Rosa 'Chrysler Imperial' is a strongly fragrant, dark red hybrid tea rose cultivar. This variety was bred and publicly debuted by Dr. Walter E. Lammerts of Descanso Gardens, La Cañada Flintridge, California, US in 1952. Its stock parents 'Charlotte Armstrong' (cerise pink) and 'Mirandy' (dark oxblood red) are both 'All American Rose Selections'-roses (awarded in 1940 and 1945).

The elegantly tapered buds open into high-centered blossoms with a diameter of about 11–13 cm and can have up to 45–50 petals (which is a high number for a hybrid tea rose) with a rich, deep, velvety red color. The cultivar flushes in a chronological blooming pattern throughout its local season, starting in late spring until fall. The long-stemmed rose flowers are long lasting and showy and make excellent cut flowers, though they "blue" badly with age.

The rose bush reaches 75 to 200 cm height, and a diameter of 60 to 120 cm. The shrub has an upright form with very thorny canes and semi-glossy dark green foliage. It is not a very cold hardy rose (USDA zone 6b through 9b) and needs good sun exposure. Without good air circulation it is susceptible to mildew and blackspot, particularly in cool climates.

A distinguished descendant is Rosa 'Papa Meilland'.

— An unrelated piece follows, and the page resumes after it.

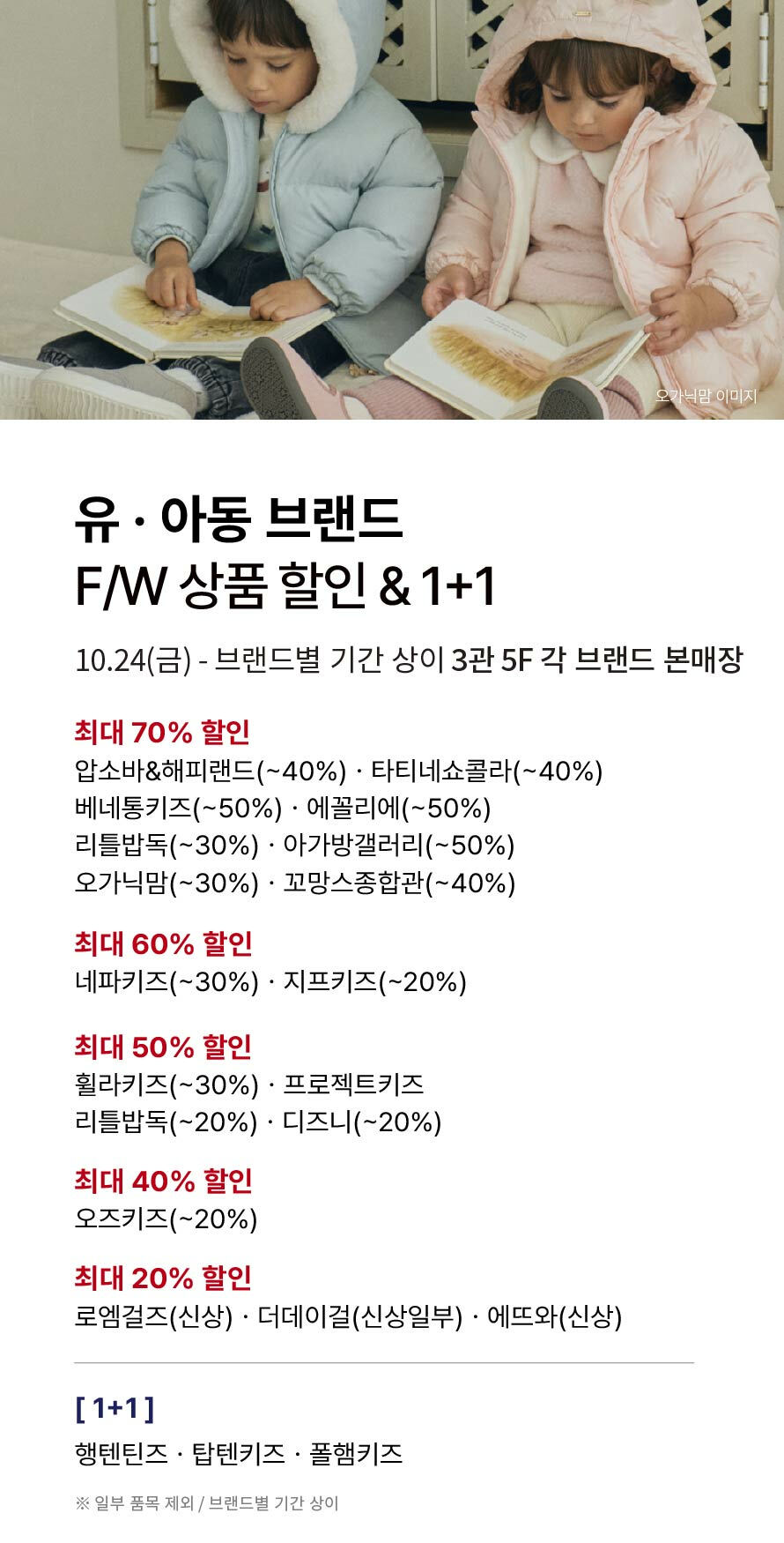 [유·아동] F/W 상품 할인 & 1+1 (2025-10-24 ~ 각 브랜드 별 기간 상이)

Cultivar (PP01528), United States Patent No: PP 1,167.

== Honors ==
- 1951 Portland Gold Medal
- 1953 All-America Rose Selections
1953 only two roses including Chrysler Imperial were awarded the All American Rose Selections. At the award presentation ceremony at Rockefeller Plaza, New York City, New York, US, the award to the Chrysler Imperial rose was presented by Miss Nancy True Thorne, Queen of the Tournament of Roses.
- 1964 John Cook Medal
- 1965 James Alexander Gamble Rose Fragrance Award

== Official association with Chrysler Corporation (producers of the Chrysler Imperial automobile) ==

In the 1954 Pasadena Tournament of Roses Parade, 25,000 Chrysler Imperial roses in individual refreshment tubes of water covered the base of the float entered by the City of Detroit, Michigan, US and Chrysler Corporation. The theme of the float was Life of an American Workman, as Chrysler Corporation founder Walter P. Chrysler had titled his autobiography. The center of this float featured the figure of an American Workman striding out from the pages of a book to strike a heavy hammer upon an anvil from which floral "sparks" flowed, their trains leading in several directions to various Detroit signature products: an automobile, a truck, an airplane, a tank, and a boat.

== Literature and references ==

- RHS Encyclopedia of Roses, Charles and Brigid Quest-Ritson, 2008, Penguin (German translation: Rosen, die große Enzyklopedie, Dorling Kinsley Verlag 2010, ISBN 978-3-8310-1734-8)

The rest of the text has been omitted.